Wait. She wanted to talk about hockey. The actual game of hockey.
"It was good. Kennedy made it easy—he was in the perfect position, and I only had to find him. Credit to the system Coach has us running."
Measured. Professional. They couldn't twist my quote into clickbait or a meme template. Was I speaking a new language?
"Thanks, Jake. Good luck with the rest of your stint."
She was already walking away when I figured it out. It was my first interview I didn't turn into a performance. I didn't deflect or tell a joke. Maybe playing for Rockford was good for me after all.
I was still riding the post-game high when Eggars, one of the veteran wingers, called out, "Heard you room with some defensive wizard up in Thunder Bay. Kid's got hands, right?"
I responded with another neutral statement. "Evan's solid. Best defensive read I've ever played with."
"That's the queer one, right?" It was a voice from across the room—Klondike, a defenseman who'd been in Rockford for two seasons and acted like he owned the place. "Little guy? Makes cookies?"
I swallowed hard. "He's my teammate."
Klondike laughed, but it wasn't mean-spirited. It was only casual and thoughtless. He thought he was being friendly instead of making my skin crawl.
"Didn't know you were into spreadsheets and twinks."
A few conversations in the locker room paused, but then they quickly moved on. Someone started talking about tomorrow's practice. Klondike asked if anyone wanted to grab dinner.
I'd kept my mouth shut, but the echo in my head didn't sound right. Evan wasn't a punchline. He wasn't a fucking stereotype to be tossed around a locker room.
He was the guy who left notes on my protein bars and stress-baked when I had important games. He was careful, brilliant, and brave beyond most human beings. He'd looked at my mess of a life and decided it was worth organizing, not fixing.

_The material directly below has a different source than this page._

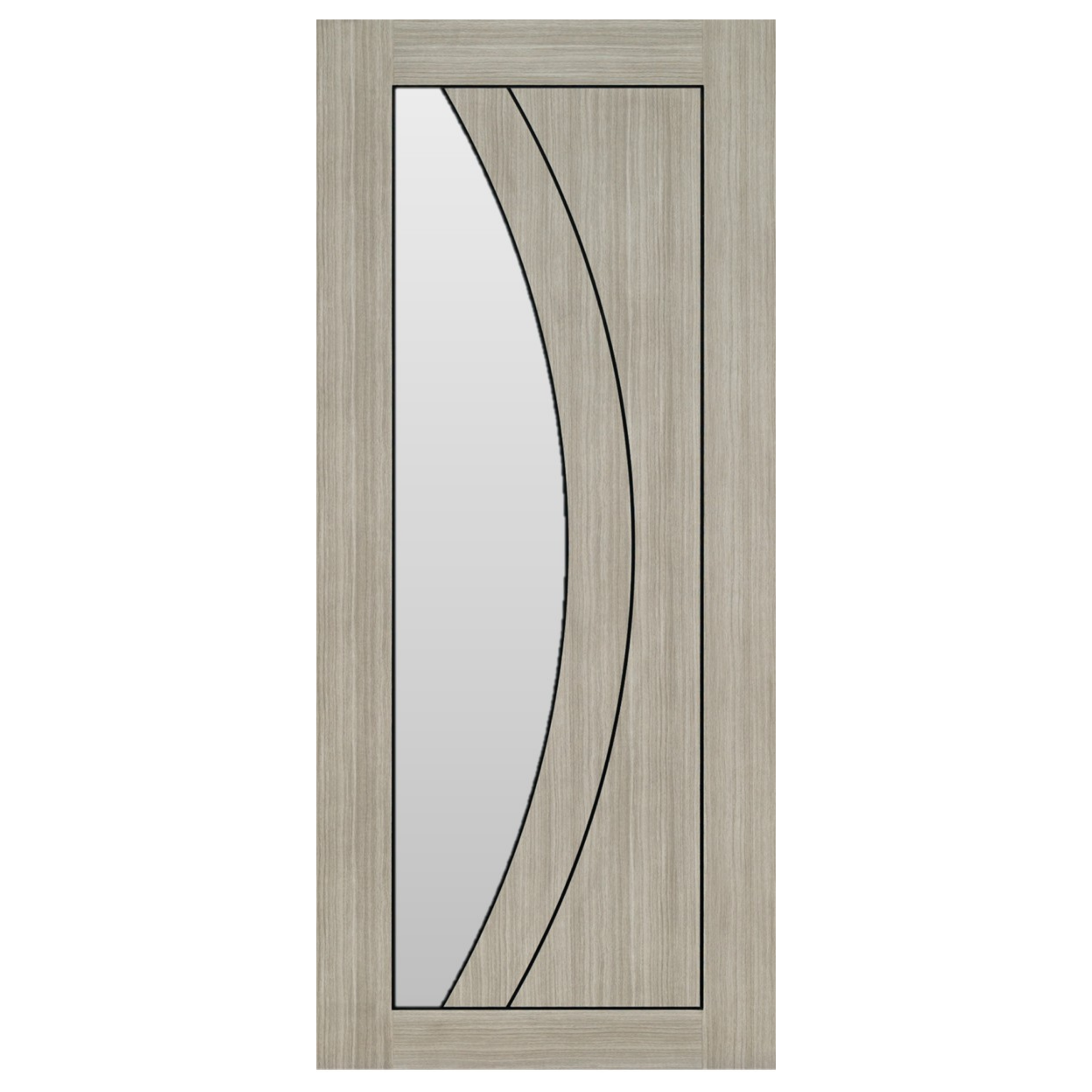 The Laminate Light Grey Sorrento Glazed Internal Door with Black Grooves is a contemporary statement door that combines a soft grey wood grain finish with striking curved black detailing and a distinctive glazed panel. Designed to stand out, this modern internal door brings both style and functionality to any interior space.

I'd let some dickhead reduce him to a cheap laugh because I was too chickenshit to risk the good thing I had going.
The hotel room, my temporary Rockford home, was standard road-trip fare—two beds, a TV bolted to the wall, and a mini-fridge that coughed instead of hummed. I'd claimed the bed by the window, gear bag spilled open on the floor.
My phone was hot against my palm, thumb working on autopilot through the usual scroll. Instagram first—a few teammates had posted stories from dinner and a photo of Kennedy flexing with his game puck. X next, checking mentions, seeing if anyone had clipped the assist. Old habits.

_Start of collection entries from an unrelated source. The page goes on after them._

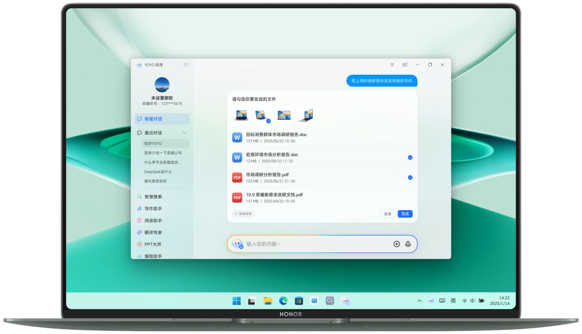 支持Windows系统智控、自研应用智控、跨设备智控(发送文件到其他设备等)以及跨应用智控。
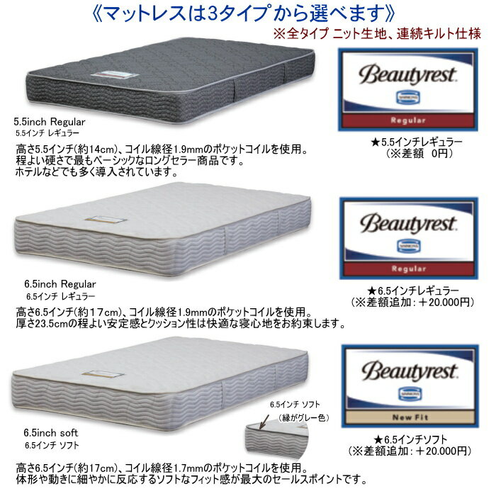 5.5インチレギュラー ポケットコイルマットレス仕様 ※6.5インチレギュラーに差額+20.000円(税込)で変更できます。
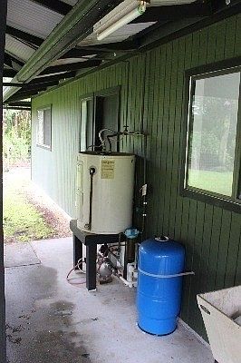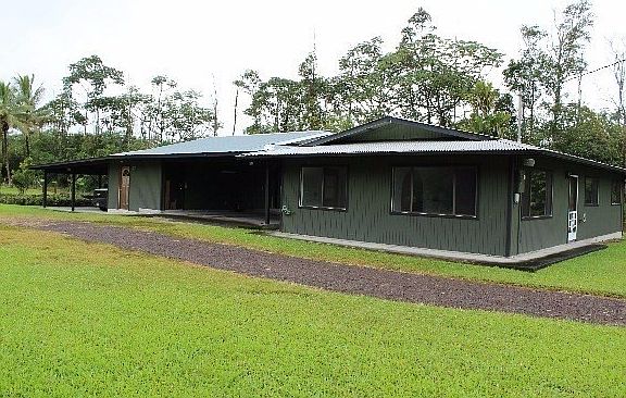 This is a permitted Ohana, 2 homes on 2 cleared Acres of land, fully fenced and beautifully landscaped with mature fruit trees. The front home is a 3 Bedroom with 1 Full bath. The Kitchen is cleared of all cabinets and counters allowing the new Homeowner to add their own personal design touch. There is a 4-car carport, that can also be used as a covered lanai, separated by a Storage/Studio and 3/4 bath unit. The back home is a 2 Bedroom with a 1 1/4 bath. This Home comes with a complete kitchen, including appliances. A large picture window allows views of the expansive front yard and the front home. This Home will be sold with all furnishings to be included.

Most of it was background noise until I hit @MinorLeaksMajorTea.
The account was garbage—amateur gossip, trade rumors that never panned out, and screenshots of players' DMs that were probably fake half the time. I should've kept scrolling. I almost did.
Then I saw my name.
The post was timestamped forty-seven minutes ago. A screenshot of what looked like a group chat, names blacked out but the IceHogs logo watermarked in the corner. The message was short:
Jake Riley's banging that neurotic cookie gay from Thunder Bay, right? No wonder he's skating faster—boy's got incentive.

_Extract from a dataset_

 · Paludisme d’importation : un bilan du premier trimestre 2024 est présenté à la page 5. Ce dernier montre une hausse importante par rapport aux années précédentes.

Below it, another message:
Dude's got a type. Weird and organized
And another:
Nothing wrong with a good luck fuck.
I started to seethe.
The post had 847 likes. 312 retweets. The comments were a sewer of speculation, slurs I wouldn't repeat to my worst enemy, and a dozen variations of "I knew it" from people who'd probably never heard of Thunder Bay before I arrived in Rockford.
neurotic cookie gay
They'd turned Evan into a fucking meme. Reduced him to three words that didn't capture a single thing about who he was.